- Вот ты прикололся, Роберт, - сказал сквозь смех Емеля. - Может, тебе еще Муслима Магомаева поставить или Клаву Шульженко?
- Лучше Зыкину, - вставил Коля тоже сквозь смех.
- А что такое? - спросил я.
- Ну, ты загнул… Джордж Майкл… Б. Моисеев… Разве нормальные люди слушают этих педиков? "Голубая луна! Голубая лу-нааа! Как никто его любила голубая луна!" - пропел Емеля отвратительным голосом. - Тьфу! Терпеть ненавижу! И кому это интересно?
- Мне, - сказал я. - И, по крайней мере, я знаю еще одного человека, который любит слушать и Майкла, и Б, Моисеева.
- Он не педик?
- Нет, - уверенно ответил я и для чего-то добавил: - У него нет ног…

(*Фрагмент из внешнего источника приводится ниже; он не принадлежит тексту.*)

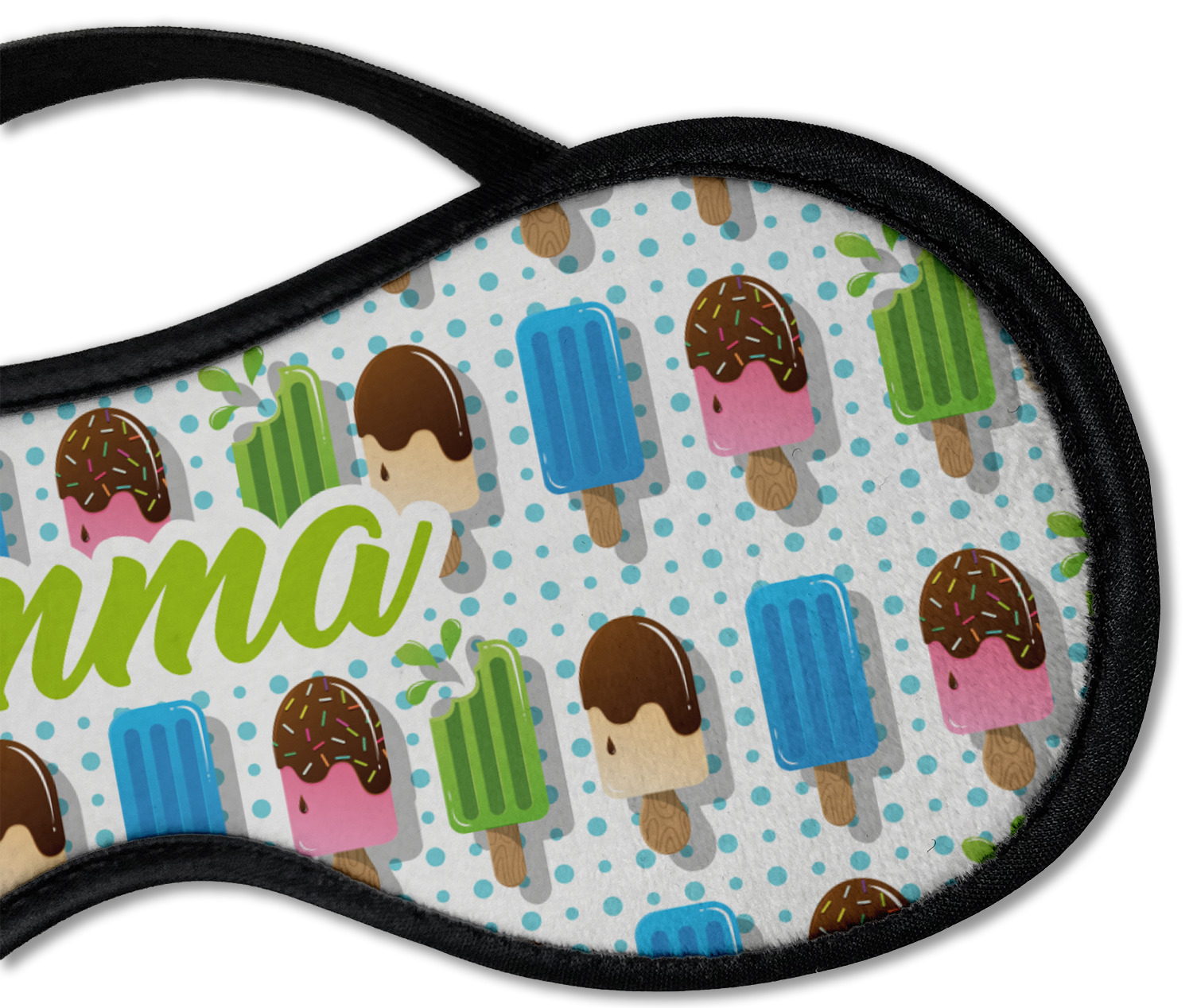 This eye mask has a super soft fleece on the back so that your face will feel snug. The front is personalized by you! There is a black elastic band that goes behind your head. The band is stretchy enough to be a one size fits most. The eye mask comes in 2 sizes: small for regular adult sizes and large for a larger area coverage. The black lining and elastic give it a nice finished look. You will never sleep or nap more comfortably than with this eye mask. These are great for napping when traveling or just at home!

Емелю это не интересовало, и он сказал:
- Запиши сюда еще покойного Фреда и Сергея Пенкина, и будет полный комплект из гомиков. Хм, Роберт, у тебя какие-то нездоровые пристрастия. Ты сам, случайно, не того, не гомо сапиенс, а?
На эти слова я не обиделся. С дебила что взять? Вы сами посудите. Если тебе нравится слушать Джорджа Майкла или Б. Моисеева - это значит, у тебя нездоровые пристрастия, а оттрахать самому тринадцатилетнего мальчишку - это нормально. Да ведь это и есть самое настоящее извращение! Нет, этот Емеля точно ненормальный. Совсем недавно был полноправным участником гомосексуального акта, а сейчас поносит на все лады педиков. А сам-то он кто? Настоящий педик, выходит! Лицемер!
- Да нет, - сказал я. - С этим делом у меня все в порядке и… я, наверное, лесбиянка…
- Как это? - удивился Емеля.
- Очень просто. Вокруг столько красивых мужчин, но я почему-то предпочитаю женщин, - это я слышал еще в техникуме, от однокурсника, страшного бабника который любил так повторять и, не видя различий между ученицами и преподавательницами, с одинаковым успехом соблазнял и тех и других.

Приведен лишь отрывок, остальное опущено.